Se acercaba la hora cero: todavía no se habían resuelto problemas serios importantes, que exigían inversiones de dinero del que no disponíamos. Se pensaba, como alternativa, en buscar algún mecenas que nos avalase préstamos a indemnizar, poco a poco, con la representación la obra. Eso sí, en el subconsciente, todos pensaban que la obra, a largo plazo, podría autofinanciarse. Cuando uno está empeñado en algo importante, la imaginación y el atrevimiento no tienen límites.
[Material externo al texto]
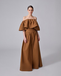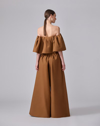 An off-shoulder silhouette with a low neckline defines this playful top, which is cut from stretch-cotton sateen. Wear it with the matching palazzo pants. Elasticized armbands Concealed hook-and-eye closure at the back SKU P2511N227STS SIZE & FIT Relaxed, oversized fit Midweight stretch-cotton Model is 179cm/ 5’11” and is wearing a US 2 Bust: 29.5" Waist: 22" Hips: 34.5" COMPOSITION & CARE 95% Cotton 5% Elastane Washing Instructions Dry Clean Only Made in United States of America
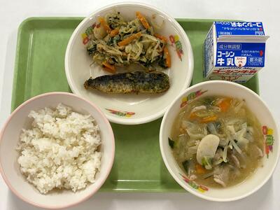 牛乳 ごはん いわしの磯辺揚げ ごま和え ちゃんぽんみそ汁

Poco a poco, con paciencia y tesón fueron resolviéndose problemas no pequeños: megafonía, iluminación o luminotecnia, vestimenta, instrumentos de percusión… Pero, ¿y el piano?: ¿cómo y dónde conseguir un piano? Quizá les permitiesen trasladar alguno de los pianos de los colegios donde estudiaban. Esta idea iluminó sus ojos, en primera instancia, pero se desechó rápidamente, porque pareció inviable trasladar un piano a cada lugar de la representación.

Y nos fuimos, (yo acompañé a algunos), a la mejor tienda de pianos portátiles de Deusto (Bilbao). Y preguntamos precios por los más baratillos; y posibilidad de pago a pequeños largos plazos… Pero, quien se iba a fiar de unos jovenzuelos con caras de quinceañeros… Yo procuré estar de incógnito para no dar imaginarias expectativas.
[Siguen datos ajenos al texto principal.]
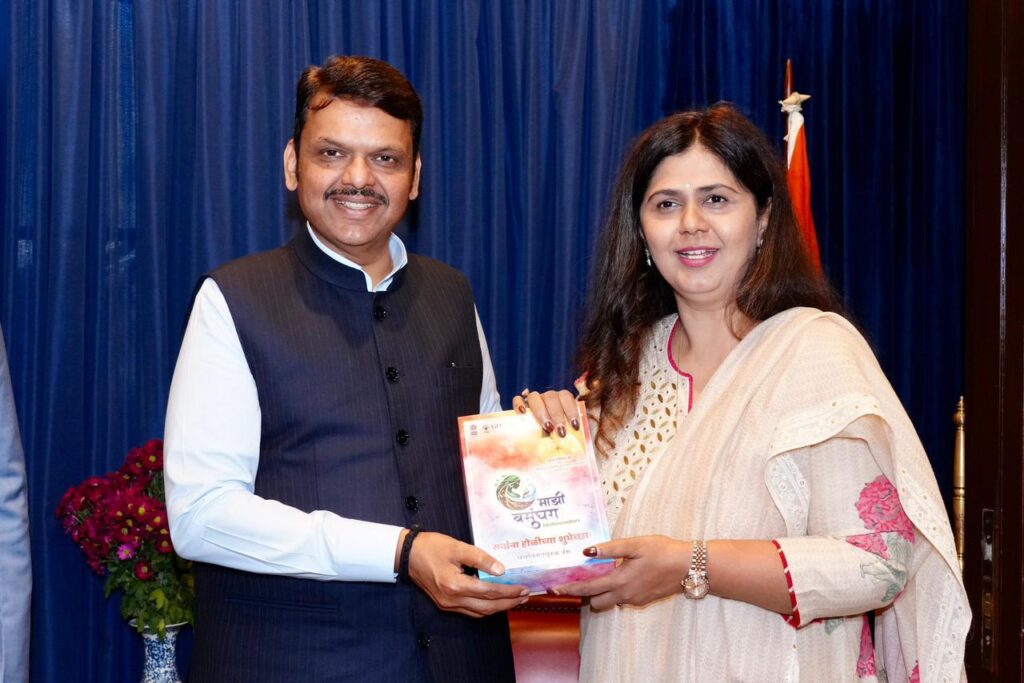 Mumbai, March 2026 : In view of Holi and Dhulivandan, and as part of the initiative encouraging citizens to celebrate an eco-friendly Holi, Minister for Environment and Climate Change Pankaja Munde extended environmentally conscious Holi greetings to Chief Minister Devendra Fadnavis, Deputy Chief Minister Eknath Shinde, and Legislative Assembly Speaker Rahul Narvekar by presenting them with a set of five eco-friendly colours.

Pero, sucedió el milagro. De pronto, un apuesto gentilhombre, que nos había estado escuchando, se nos acerca y nos pregunta para cuando necesitábamos el piano. El interés manifiesto en su cara de amigo hizo brillar la primera sonrisa en el rostro asustado de aquellos sorprendidos jovenzuelos. Aclaradas las pertinentes cuestiones, el desconocido amigo nos certificó que el día propuesto tendríamos el piano en la dirección que nuestros interlocutores le habían facilitado.

Aquel desconocido joven resultó ser Carlos, el pianista del grupo Mocedades, cuyas melodías eran ya las delicias de los más refinados oídos, de Euskadi y de España entera. Lo que sigue no nos lo contó él, pero, supimos más tarde, de buena tinta, que el tal grupo había empezado su andadura en la Iglesia de Santa María de Guecho. Amor con amor se paga. Así, con esta ayuda del cielo, el grupo Juventud Parroquial Róntegui pudo estrenar su Godspell el día 19 de Mayo de 1984, en el teatro del colegio Larrea de Baracaldo, donde obtuvieron su primer clamoroso éxito, entre la bulliciosa multitud que abarrotaba la sala.